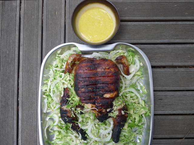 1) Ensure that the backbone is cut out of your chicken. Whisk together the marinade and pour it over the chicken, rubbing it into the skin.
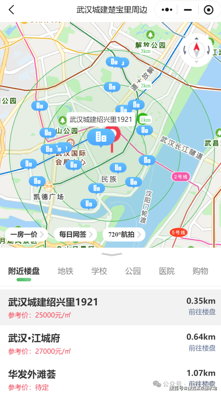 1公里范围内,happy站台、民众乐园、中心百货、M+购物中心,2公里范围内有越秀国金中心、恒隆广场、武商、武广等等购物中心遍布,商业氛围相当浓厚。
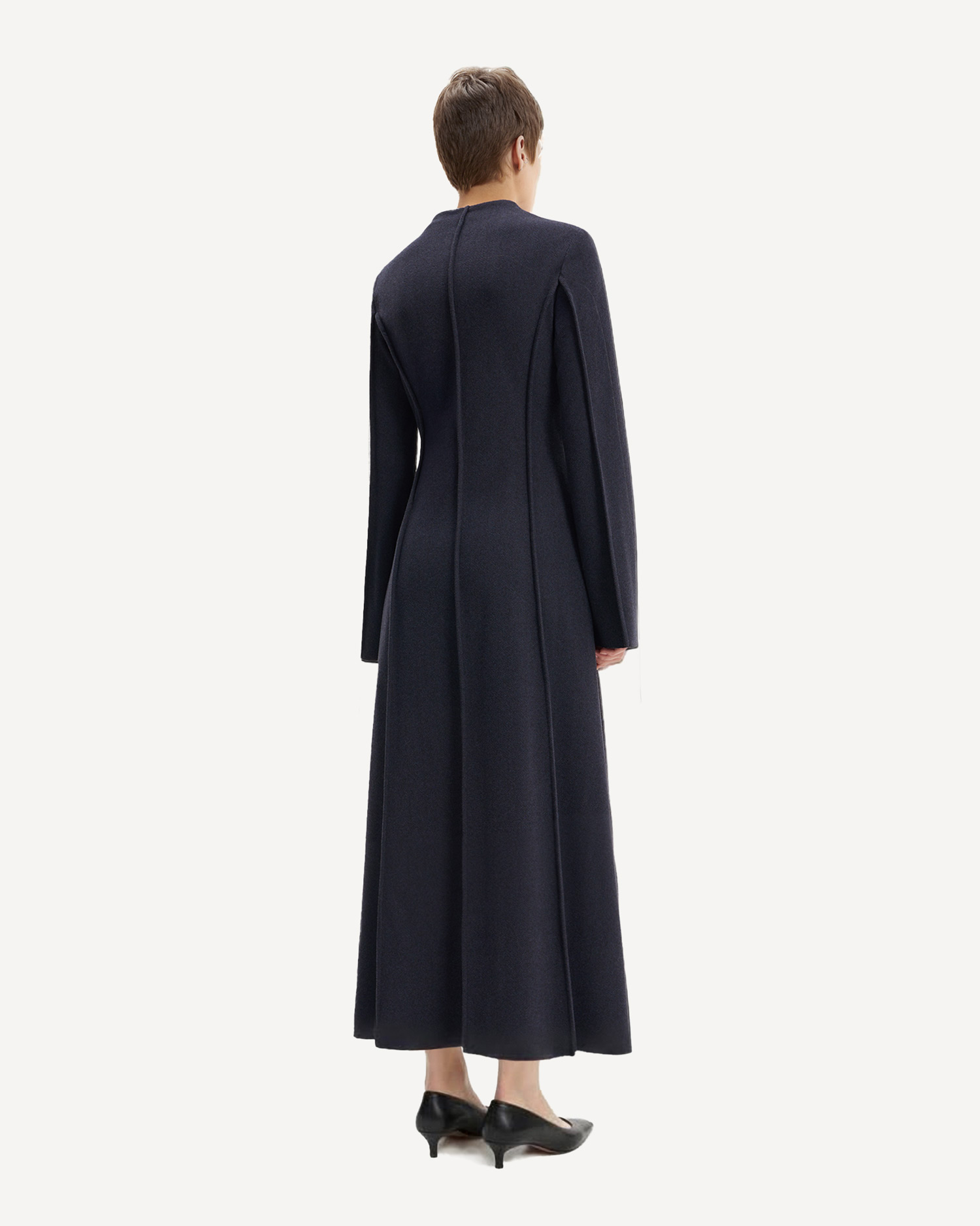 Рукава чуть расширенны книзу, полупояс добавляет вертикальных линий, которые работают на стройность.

• Work order
Every line of the material should be repeated precisely; pictures are to be excluded.

• Task output
 1) Ensure that the backbone is cut out of your chicken. Whisk together the marinade and pour it over the chicken, rubbing it into the skin.
 1公里范围内,happy站台、民众乐园、中心百货、M+购物中心,2公里范围内有越秀国金中心、恒隆广场、武商、武广等等购物中心遍布,商业氛围相当浓厚。
 Рукава чуть расширенны книзу, полупояс добавляет вертикальных линий, которые работают на стройность.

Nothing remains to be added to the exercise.